- **EXERCISE GOAL**:
Could you set down exactly the lines in the records below between the line holding "وقد حقق الطالب" and the line holding "Ce cartable à", inclusive?

━━━━━ AVAILABLE DATA ━━━━━

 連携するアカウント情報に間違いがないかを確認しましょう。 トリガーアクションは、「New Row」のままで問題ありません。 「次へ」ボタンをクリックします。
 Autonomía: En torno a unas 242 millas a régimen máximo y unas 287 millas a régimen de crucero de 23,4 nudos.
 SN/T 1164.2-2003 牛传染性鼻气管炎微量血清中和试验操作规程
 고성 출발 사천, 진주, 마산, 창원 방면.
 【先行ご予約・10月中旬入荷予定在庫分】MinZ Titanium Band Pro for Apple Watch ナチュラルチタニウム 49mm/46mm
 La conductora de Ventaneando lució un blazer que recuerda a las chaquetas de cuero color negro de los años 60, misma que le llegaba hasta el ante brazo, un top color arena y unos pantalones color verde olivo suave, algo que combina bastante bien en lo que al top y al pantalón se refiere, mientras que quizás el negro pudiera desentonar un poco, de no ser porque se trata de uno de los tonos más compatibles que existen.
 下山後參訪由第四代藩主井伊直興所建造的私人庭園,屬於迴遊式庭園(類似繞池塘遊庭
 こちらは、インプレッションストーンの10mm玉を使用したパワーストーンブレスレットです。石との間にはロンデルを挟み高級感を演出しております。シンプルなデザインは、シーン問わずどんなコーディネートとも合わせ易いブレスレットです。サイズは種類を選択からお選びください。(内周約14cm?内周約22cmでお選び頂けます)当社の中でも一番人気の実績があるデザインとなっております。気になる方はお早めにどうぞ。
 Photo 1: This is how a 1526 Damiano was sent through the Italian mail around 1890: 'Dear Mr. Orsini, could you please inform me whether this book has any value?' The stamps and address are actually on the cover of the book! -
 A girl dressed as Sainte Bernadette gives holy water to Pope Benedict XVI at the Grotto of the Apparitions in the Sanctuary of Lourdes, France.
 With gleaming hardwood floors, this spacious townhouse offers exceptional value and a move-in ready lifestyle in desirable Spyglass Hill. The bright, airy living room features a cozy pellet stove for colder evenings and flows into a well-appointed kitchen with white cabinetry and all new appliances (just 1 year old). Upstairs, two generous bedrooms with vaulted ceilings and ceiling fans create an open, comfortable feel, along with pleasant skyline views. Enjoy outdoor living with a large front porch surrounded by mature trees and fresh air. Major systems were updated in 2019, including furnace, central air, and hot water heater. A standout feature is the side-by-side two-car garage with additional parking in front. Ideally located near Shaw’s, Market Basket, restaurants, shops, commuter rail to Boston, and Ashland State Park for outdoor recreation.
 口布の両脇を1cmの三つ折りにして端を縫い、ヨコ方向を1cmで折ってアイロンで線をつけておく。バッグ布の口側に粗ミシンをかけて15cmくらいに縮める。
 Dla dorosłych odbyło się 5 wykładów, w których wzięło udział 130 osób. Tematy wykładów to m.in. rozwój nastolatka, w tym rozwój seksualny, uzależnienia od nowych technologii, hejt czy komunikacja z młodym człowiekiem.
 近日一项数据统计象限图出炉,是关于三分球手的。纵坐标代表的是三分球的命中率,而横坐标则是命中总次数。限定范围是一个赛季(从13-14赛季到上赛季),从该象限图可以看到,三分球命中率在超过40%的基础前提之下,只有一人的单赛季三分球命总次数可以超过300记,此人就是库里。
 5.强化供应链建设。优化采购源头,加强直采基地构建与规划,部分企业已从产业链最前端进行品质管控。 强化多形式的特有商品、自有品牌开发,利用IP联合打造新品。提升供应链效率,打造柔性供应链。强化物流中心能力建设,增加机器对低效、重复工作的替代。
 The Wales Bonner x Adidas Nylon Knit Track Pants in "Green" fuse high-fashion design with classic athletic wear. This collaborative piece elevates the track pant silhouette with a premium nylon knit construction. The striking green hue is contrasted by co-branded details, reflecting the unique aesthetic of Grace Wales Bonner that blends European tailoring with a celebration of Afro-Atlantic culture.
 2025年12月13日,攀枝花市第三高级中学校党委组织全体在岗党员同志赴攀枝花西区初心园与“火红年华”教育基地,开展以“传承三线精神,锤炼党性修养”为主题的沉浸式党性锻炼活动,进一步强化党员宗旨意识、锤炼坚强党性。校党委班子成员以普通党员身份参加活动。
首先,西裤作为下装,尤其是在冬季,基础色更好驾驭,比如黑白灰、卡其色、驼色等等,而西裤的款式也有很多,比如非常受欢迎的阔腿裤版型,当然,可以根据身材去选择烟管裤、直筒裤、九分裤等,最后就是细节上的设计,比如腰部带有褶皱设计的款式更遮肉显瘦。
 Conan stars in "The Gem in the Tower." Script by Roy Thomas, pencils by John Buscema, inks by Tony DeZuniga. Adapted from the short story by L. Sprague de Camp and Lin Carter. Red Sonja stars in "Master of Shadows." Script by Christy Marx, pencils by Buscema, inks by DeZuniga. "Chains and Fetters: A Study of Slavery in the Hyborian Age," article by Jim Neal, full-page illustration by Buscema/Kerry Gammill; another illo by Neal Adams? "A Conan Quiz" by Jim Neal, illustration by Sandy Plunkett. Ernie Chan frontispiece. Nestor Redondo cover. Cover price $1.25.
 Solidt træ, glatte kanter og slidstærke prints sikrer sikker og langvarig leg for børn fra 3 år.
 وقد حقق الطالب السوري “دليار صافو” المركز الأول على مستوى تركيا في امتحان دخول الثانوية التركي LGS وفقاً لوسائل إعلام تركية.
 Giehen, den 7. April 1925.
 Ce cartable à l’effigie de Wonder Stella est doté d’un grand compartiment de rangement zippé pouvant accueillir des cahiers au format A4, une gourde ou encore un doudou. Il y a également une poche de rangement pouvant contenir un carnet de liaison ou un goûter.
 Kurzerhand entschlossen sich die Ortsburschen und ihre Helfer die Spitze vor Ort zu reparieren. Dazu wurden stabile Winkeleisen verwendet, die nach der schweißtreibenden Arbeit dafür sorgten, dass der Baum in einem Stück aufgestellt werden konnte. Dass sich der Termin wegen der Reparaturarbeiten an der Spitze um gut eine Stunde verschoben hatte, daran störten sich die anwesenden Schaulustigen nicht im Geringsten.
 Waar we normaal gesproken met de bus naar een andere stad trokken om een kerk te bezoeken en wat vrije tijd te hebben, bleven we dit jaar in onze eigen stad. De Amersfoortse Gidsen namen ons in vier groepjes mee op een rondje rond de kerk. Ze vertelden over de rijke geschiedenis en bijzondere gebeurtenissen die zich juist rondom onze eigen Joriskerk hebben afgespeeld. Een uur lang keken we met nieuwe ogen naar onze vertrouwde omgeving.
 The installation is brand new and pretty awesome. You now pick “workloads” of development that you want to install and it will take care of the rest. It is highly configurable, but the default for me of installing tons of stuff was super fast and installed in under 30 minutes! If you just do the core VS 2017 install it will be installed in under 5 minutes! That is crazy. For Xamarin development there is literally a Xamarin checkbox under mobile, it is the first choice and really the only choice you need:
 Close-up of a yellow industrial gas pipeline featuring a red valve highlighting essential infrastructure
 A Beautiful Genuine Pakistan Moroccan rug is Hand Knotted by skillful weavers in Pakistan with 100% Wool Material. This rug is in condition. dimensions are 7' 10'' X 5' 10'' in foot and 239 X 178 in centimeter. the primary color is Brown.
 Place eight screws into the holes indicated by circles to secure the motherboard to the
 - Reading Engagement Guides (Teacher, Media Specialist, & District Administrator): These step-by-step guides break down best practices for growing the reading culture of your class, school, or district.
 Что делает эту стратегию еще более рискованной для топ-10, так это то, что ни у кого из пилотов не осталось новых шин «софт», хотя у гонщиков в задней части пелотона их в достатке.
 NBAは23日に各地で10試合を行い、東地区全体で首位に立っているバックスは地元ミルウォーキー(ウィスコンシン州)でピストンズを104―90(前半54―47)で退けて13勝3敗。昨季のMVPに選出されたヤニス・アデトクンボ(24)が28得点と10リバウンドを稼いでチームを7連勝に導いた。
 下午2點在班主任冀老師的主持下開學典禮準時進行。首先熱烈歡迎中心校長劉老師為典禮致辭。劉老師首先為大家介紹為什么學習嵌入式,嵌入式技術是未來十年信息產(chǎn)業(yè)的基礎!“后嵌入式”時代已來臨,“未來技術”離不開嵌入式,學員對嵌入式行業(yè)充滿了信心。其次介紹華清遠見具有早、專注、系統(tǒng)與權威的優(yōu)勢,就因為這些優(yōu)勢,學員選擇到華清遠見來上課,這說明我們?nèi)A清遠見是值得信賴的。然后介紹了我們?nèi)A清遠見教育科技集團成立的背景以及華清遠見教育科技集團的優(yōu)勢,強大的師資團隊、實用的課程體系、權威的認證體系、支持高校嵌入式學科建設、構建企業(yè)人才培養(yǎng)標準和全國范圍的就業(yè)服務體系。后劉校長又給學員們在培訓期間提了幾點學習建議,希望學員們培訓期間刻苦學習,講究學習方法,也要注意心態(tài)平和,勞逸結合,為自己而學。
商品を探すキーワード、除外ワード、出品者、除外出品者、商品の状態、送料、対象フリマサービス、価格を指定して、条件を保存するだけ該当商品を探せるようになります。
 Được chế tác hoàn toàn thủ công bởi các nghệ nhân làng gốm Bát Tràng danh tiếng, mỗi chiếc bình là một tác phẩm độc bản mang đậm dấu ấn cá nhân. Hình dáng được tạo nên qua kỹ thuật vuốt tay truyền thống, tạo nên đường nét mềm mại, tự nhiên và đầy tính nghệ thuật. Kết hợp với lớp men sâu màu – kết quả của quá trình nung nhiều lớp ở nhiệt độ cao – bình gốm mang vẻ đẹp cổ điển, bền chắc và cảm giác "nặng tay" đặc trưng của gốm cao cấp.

━━━━━

- **RESPONSE BOX**:
 وقد حقق الطالب السوري “دليار صافو” المركز الأول على مستوى تركيا في امتحان دخول الثانوية التركي LGS وفقاً لوسائل إعلام تركية.
 Giehen, den 7. April 1925.
 Ce cartable à l’effigie de Wonder Stella est doté d’un grand compartiment de rangement zippé pouvant accueillir des cahiers au format A4, une gourde ou encore un doudou. Il y a également une poche de rangement pouvant contenir un carnet de liaison ou un goûter.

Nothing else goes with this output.